● **EXERCISE GOAL**
Would you please output the lines of the data below from the one containing "2、在個人中心頁面,點擊登陸/注冊區(qū)域的登陸選項,進入一鍵登錄頁面。" to the end, exactly and with nothing added?

___ MATERIAL FOR THE TASK

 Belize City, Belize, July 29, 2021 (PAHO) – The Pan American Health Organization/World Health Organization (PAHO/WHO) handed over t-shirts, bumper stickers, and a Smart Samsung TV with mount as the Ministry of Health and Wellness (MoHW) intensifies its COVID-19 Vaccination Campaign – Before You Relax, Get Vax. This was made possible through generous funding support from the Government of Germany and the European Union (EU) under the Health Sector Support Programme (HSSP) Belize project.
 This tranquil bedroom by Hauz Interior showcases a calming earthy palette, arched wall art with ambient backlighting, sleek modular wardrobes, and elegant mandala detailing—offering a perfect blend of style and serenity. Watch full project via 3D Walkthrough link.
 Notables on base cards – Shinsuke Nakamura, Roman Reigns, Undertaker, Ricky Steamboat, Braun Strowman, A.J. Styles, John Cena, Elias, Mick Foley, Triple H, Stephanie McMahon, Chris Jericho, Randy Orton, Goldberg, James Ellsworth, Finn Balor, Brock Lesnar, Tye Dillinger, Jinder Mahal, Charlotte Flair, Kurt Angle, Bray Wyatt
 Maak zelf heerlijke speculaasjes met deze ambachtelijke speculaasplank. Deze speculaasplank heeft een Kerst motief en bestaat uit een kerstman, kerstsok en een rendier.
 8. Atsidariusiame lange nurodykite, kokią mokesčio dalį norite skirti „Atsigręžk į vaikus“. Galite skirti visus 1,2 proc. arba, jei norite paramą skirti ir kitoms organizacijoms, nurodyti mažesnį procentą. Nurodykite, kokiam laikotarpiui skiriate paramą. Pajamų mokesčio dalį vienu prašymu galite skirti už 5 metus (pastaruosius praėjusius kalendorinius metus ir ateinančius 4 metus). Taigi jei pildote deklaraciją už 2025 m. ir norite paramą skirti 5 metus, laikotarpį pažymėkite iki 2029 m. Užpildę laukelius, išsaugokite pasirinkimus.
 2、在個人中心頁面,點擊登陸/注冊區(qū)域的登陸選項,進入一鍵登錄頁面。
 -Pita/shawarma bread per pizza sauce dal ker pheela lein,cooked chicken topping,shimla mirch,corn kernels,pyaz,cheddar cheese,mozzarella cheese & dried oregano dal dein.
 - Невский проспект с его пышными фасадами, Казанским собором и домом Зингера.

______

● **ANSWER TO THIS PROBLEM**
 2、在個人中心頁面,點擊登陸/注冊區(qū)域的登陸選項,進入一鍵登錄頁面。
 -Pita/shawarma bread per pizza sauce dal ker pheela lein,cooked chicken topping,shimla mirch,corn kernels,pyaz,cheddar cheese,mozzarella cheese & dried oregano dal dein.
 - Невский проспект с его пышными фасадами, Казанским собором и домом Зингера.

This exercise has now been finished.